Foto: Reuters / Maxim Zmeyev

Kinderüberraschung im Kreml: Am Wochenende häuften sich die Gerüchte über eine Versetzung des Ex-Premiers Sergej Kirijenko auf den Posten des Vizechefs der Präsidialverwaltung. Die auf den ersten Blick unscheinbar anmutende Stelle ist ein Schlüsselposten, formuliert deren Inhaber doch die Akzente der russischen Innenpolitik und entscheidet wichtige Kaderfragen. Kirijenko auf dem Posten wäre eine Überraschung. Aber das war schon seine Ernennung zum Premier.

Damals, 1998, war er gerade einmal 35 – der jüngste Ministerpräsident in der Geschichte Russlands – und einer der unglücklichsten: Kurz nach seinem Amtsantritt wurde das Land vom Staatsbankrott heimgesucht, und Kirijenko hatte einen neuen Spitznamen: "Kinderüberraschung".

Alles "reine Spekulation"

Inzwischen ist er 54 und dem Kinderalter endgültig entwachsen. Aus dem liberalen Politiker ist der effiziente Manager eines Staatsunternehmens geworden. Als Chef der russischen Atombehörde derzeit in Wien weilend, nannte er Berichte über seine Versetzung "reine Spekulation".

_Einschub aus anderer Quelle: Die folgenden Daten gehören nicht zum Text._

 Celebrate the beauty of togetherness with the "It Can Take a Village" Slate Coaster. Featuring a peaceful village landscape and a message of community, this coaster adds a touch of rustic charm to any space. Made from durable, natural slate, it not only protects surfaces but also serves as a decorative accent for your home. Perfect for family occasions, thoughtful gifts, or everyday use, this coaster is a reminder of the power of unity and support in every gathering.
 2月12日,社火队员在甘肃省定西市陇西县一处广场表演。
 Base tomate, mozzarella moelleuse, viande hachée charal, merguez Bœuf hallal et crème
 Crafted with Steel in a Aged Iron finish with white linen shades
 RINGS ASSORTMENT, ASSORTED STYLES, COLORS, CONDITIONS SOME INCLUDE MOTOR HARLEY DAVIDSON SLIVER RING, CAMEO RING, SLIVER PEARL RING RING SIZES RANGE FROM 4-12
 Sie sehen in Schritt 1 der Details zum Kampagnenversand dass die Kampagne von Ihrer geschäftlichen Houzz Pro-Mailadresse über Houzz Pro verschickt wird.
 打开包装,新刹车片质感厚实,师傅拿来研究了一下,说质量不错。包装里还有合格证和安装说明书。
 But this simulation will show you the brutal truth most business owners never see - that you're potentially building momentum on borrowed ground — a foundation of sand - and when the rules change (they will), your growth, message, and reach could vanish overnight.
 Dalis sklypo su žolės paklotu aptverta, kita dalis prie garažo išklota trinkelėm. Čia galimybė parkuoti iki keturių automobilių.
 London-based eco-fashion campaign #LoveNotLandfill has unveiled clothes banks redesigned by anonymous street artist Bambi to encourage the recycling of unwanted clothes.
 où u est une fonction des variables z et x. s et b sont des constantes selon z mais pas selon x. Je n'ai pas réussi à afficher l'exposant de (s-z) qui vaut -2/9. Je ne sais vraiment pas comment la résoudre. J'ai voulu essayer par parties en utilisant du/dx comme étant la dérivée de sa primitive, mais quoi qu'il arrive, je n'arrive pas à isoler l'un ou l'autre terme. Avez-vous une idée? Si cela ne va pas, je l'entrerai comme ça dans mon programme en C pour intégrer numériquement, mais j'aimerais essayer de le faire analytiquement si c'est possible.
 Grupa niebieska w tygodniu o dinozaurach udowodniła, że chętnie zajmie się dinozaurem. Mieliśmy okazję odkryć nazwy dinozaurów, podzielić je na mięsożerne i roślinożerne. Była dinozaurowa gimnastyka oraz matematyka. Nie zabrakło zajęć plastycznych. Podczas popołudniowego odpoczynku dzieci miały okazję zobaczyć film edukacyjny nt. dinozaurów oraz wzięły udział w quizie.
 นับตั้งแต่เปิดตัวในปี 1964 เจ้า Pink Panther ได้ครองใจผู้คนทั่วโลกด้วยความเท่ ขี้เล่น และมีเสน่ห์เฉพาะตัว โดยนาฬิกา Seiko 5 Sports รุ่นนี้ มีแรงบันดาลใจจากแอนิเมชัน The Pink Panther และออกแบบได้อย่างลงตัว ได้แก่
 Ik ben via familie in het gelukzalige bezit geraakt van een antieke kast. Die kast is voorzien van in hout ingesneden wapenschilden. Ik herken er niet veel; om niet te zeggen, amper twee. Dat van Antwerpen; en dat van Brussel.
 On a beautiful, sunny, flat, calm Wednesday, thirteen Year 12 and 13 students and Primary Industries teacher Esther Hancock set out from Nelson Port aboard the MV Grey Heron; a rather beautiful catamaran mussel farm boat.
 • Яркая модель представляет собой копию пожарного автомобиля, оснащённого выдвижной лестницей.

Doch ganz ähnliche Spekulationen über seinen möglichen Vorgänger Wjatscheslaw Wolodin hatten sich schließlich als wahr erwiesen. Dieser wird Chef der neuen Duma. Ob die Versetzung für den 52-Jährigen eine Beförderung oder Degradierung bedeutet, daran scheiden sich, wie oft in Putins Russland, die Geister. Der Politologe Alexander Morosow spricht von Herabsetzung. Wolodin habe trotz einer erfolgreichen Wahlkampagne seinen Hut im Kreml nehmen müssen, weil er keinem der Clans um das mächtige Viereck Igor Setschin (Rosneft-Chef), Viktor Tschemesow (Rostech-Chef), Sergej Schoigu (Verteidigungsminister) oder Premier Dmitri Medwedew angehöre.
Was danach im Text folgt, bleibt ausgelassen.